- Jagannathpur Location in West Bengal, India Jagannathpur Jagannathpur (India)
- Coordinates: 24°49′21″N 87°56′43″E﻿ / ﻿24.822611°N 87.945344°E
- Country: India
- State: West Bengal
- District: Malda

Area
- • Total: 4.1602 km^{2} (1.6063 sq mi)

Population (2011)
- • Total: 13,454
- • Density: 3,234.0/km^{2} (8,376.0/sq mi)

Languages
- • Official: Bengali, English
- Time zone: UTC+5:30 (IST)
- PIN: 732125
- Telephone/ STD code: 03512
- Vehicle registration: WB
- Lok Sabha constituency: Maldaha Dakshin
- Vidhan Sabha constituency: Baisnabnagar
- Website: malda.nic.in

= Jagannathpur, Malda =

Jagannathpur is a census town in the Kaliachak III CD block in the Malda Sadar subdivision of Malda district in the state of West Bengal, India.

== Geography ==

===Location===
Jagannathpur is located at .

===Area overview===
The area shown in the adjoining map is the physiographic sub-region known as the diara. It "is a relatively well drained flat land formed by the fluvial deposition of newer alluvium." The most note-worthy feature is the Farakka Barrage across the Ganges.
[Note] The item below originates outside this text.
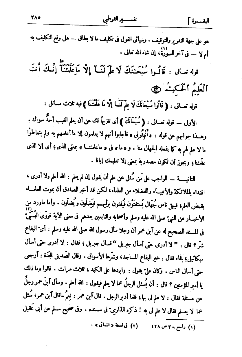 قَوْلُهُ تَعَالَى: (قالُوا سُبْحانَكَ لَا عِلْمَ لَنا إِلَّا مَا عَلَّمْتَنا) فِيهِ ثَلَاثُ مَسَائِلَ: الْأُولَى: قَوْلُهُ تَعَالَى:" سُبْحانَكَ" أَيْ تَنْزِيهًا لَكَ عَنْ أَنْ يَعْلَمَ الْغَيْبَ أَحَدٌ سِوَاكَ. وَهَذَا جَوَابُهُمْ عَنْ قَوْلِهِ:" أَنْبِئُونِي" فَأَجَابُوا أَنَّهُمْ لَا يَعْلَمُونَ إِلَّا مَا أَعْلَمَهُمْ بِهِ وَلَمْ يَتَعَاطَوْا مَا لَا عِلْمَ لهم به كما يفعله الجهال منا. و" ما" فِي" مَا عَلَّمْتَنا" بِمَعْنَى الَّذِي، أَيْ إِلَّا الَّذِي عَلَّمْتَنَا، وَيَجُوزُ أَنْ تَكُونَ مَصْدَرِيَّةً بِمَعْنَى إِلَّا تَعْلِيمَكَ إِيَّانَا. الثَّانِيَةُ- الْوَاجِبُ عَلَى مَنْ سُئِلَ عَنْ عِلْمٍ أَنْ يَقُولَ إِنْ لَمْ يَعْلَمْ: اللَّهُ أَعْلَمُ وَلَا أَدْرِي، اقْتِدَاءً بِالْمَلَائِكَةِ وَالْأَنْبِيَاءِ وَالْفُضَلَاءِ مِنَ الْعُلَمَاءِ، لَكِنْ قَدْ أَخْبَرَ الصَّادِقُ أَنَّ بِمَوْتِ الْعُلَمَاءِ يُقْبَضُ الْعِلْمُ، فَيَبْقَى نَاسٌ جُهَّالٌ يُسْتَفْتُونَ فَيُفْتُونَ بِرَأْيِهِمْ فَيَضِلُّونَ وَيُضِلُّونَ. وَأَمَّا مَا وَرَدَ مِنَ الْأَخْبَارِ عَنِ النَّبِيِّ صَلَّى اللَّهُ عَلَيْهِ وَسَلَّمَ وَأَصْحَابِهِ وَالتَّابِعِينَ بَعْدَهُمْ فِي مَعْنَى الْآيَةِ فَرَوَى الْبُسْتِيُّ «٢» فِي الْمُسْنَدِ الصَّحِيحِ لَهُ عَنِ ابْنِ عُمَرَ أَنَّ رَجُلًا سَأَلَ رَسُولَ اللَّهِ صَلَّى اللَّهُ عَلَيْهِ وَسَلَّمَ: أَيُّ الْبِقَاعِ شَرٌّ؟ قَالَ: (لَا أَدْرِي حَتَّى أَسْأَلَ جِبْرِيلَ) فَسَأَلَ جِبْرِيلَ، فَقَالَ: لَا أَدْرِي حَتَّى أَسْأَلَ مِيكَائِيلَ، فَجَاءَ فَقَالَ: خَيْرُ الْبِقَاعِ الْمَسَاجِدُ، وَشَرُّهَا الْأَسْوَاقُ. وَقَالَ الصِّدِّيقُ لِلْجَدَّةِ: ارْجِعِي حَتَّى أَسْأَلَ النَّاسَ. وَكَانَ عَلِيٌّ يَقُولُ: وَابَرْدَهَا عَلَى الْكَبِدِ، ثَلَاثَ مَرَّاتً. قَالُوا وَمَا ذَلِكَ يَا أَمِيرَ الْمُؤْمِنِينَ؟ قَالَ: أَنْ يُسْأَلَ الرَّجُلُ عَمَّا لَا يَعْلَمُ فَيَقُولُ: اللَّهُ أَعْلَمُ. وَسَأَلَ ابْنَ عُمَرَ رَجُلٌ عَنْ مَسْأَلَةٍ فَقَالَ: لَا عِلْمَ لِي بِهَا، فَلَمَّا أَدْبَرَ الرَّجُلُ. قَالَ ابْنُ عُمَرَ: نِعْمَ مَا قَالَ ابْنُ عُمَرَ، سُئِلَ عَمَّا لَا يَعْلَمُ فَقَالَ لَا عِلْمَ لِي بِهِ! ذَكَرَهُ الدَّارِمِيُّ فِي مُسْنَدِهِ. وَفِي صحيح مسلم عن أبي عقيل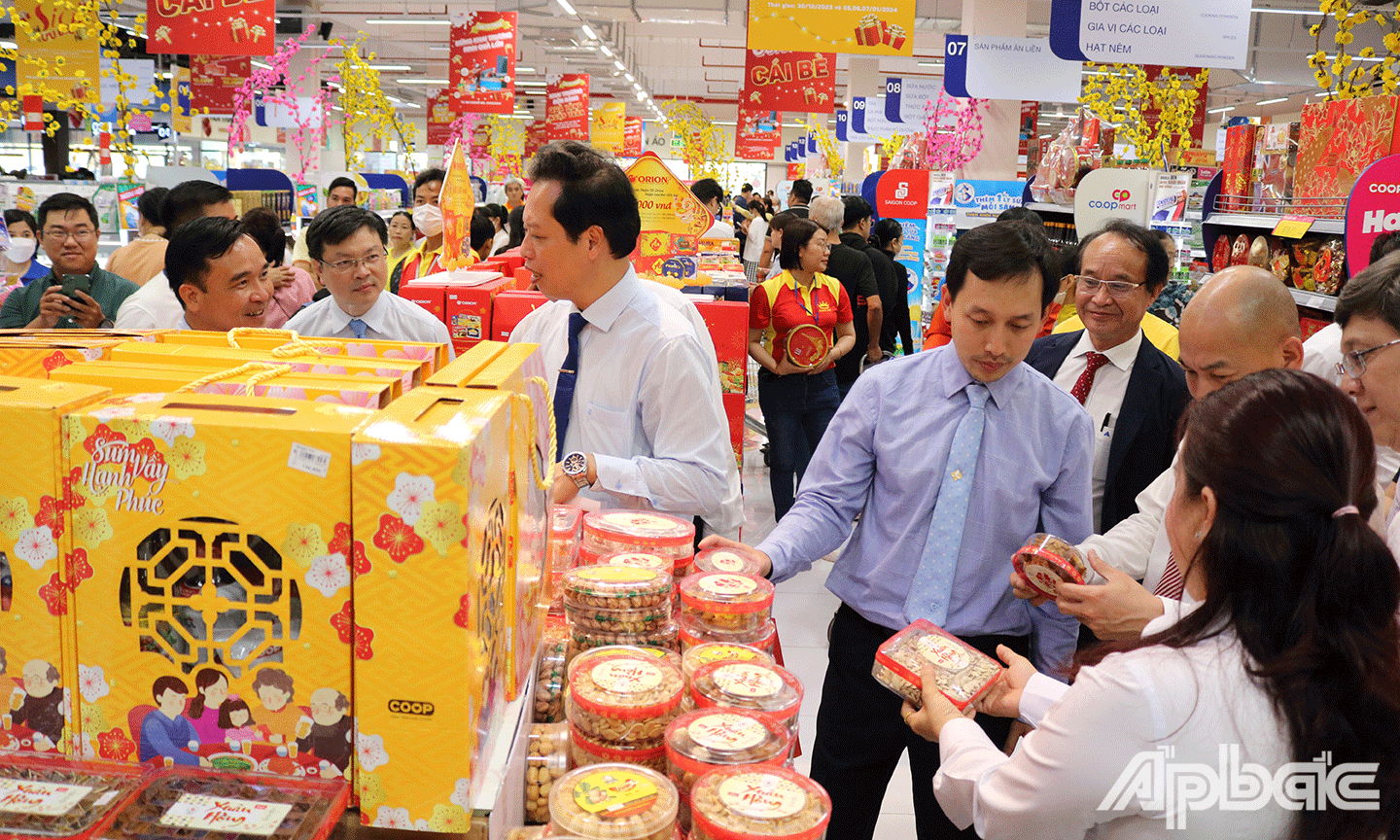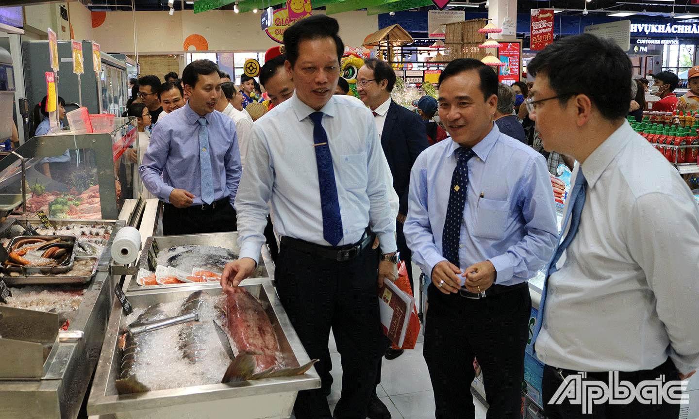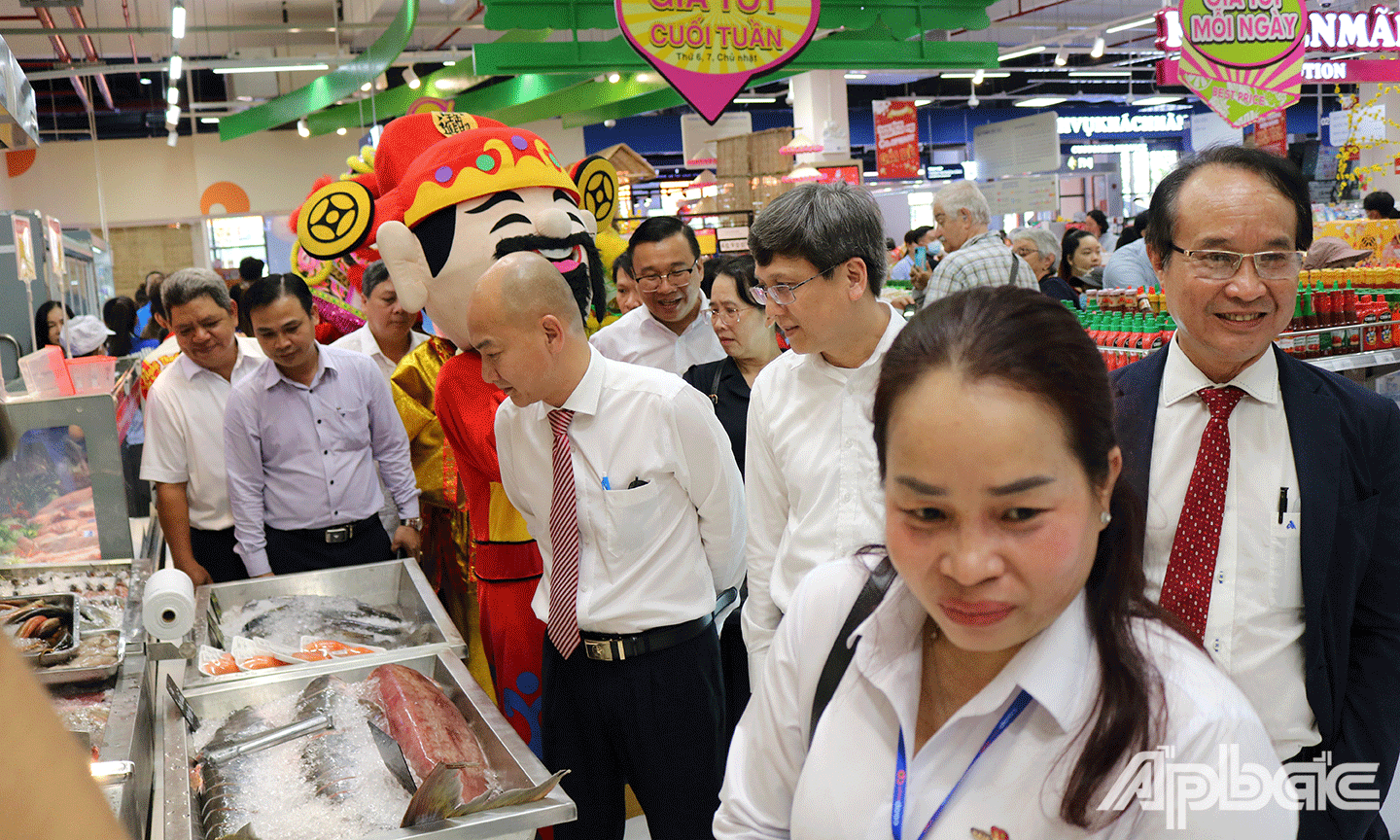 | Đại biểu tham quan TTTM SenseMarket Cái Bè và Siêu thị Co.opmart Cái Bè. |

The area is a part of the Malda Sadar subdivision, which is an overwhelmingly rural region, but the area shown in the map has pockets of urbanization with 17 census towns, concentrated mostly in the Kaliachak I CD block. The bank of the Ganges between Bhutni and Panchanandapur (both the places are marked on the map), is the area worst hit by left bank erosion, a major problem in the Malda area. The ruins of Gauda, capital of several empires, is located in this area.

Note: The map alongside presents some of the notable locations in the area. All places marked in the map are linked in the larger full screen map.

==Demographics==
According to the 2011 Census of India, Jagannathpur had a total population of 13,454, of which 6,843 (51%) were males and 6,611 (49%) were females. Population in the age range 0–6 years was 1,963. The total number of literate persons in Jagannathpur was 7,923 (68.95% of the population over 6 years).

==Infrastructure==
According to the District Census Handbook, Maldah, 2011, Jagannathpur covered an area of 4.1602 km^{2}. It had 15 km roads with both open and closed drains. The protected water-supply involved overhead tank, tap water from treated sources, tube well/ bore well. It had 2,000 domestic electric connections, 500 road lighting points. Among the medical facilities it had 1 hospital (with 20 beds), 2 dispensaries/ health centres, 1 maternity and child welfare centre, 8 medicine shops. Among the educational facilities, it had 5 primary schools, 1 middle school, 2 secondary schools, 2 senior secondary schools in town, the nearest general degree college at Malda 30 km away. It had branch offices of 2 nationalised banks, 1 non-agricultural credit society.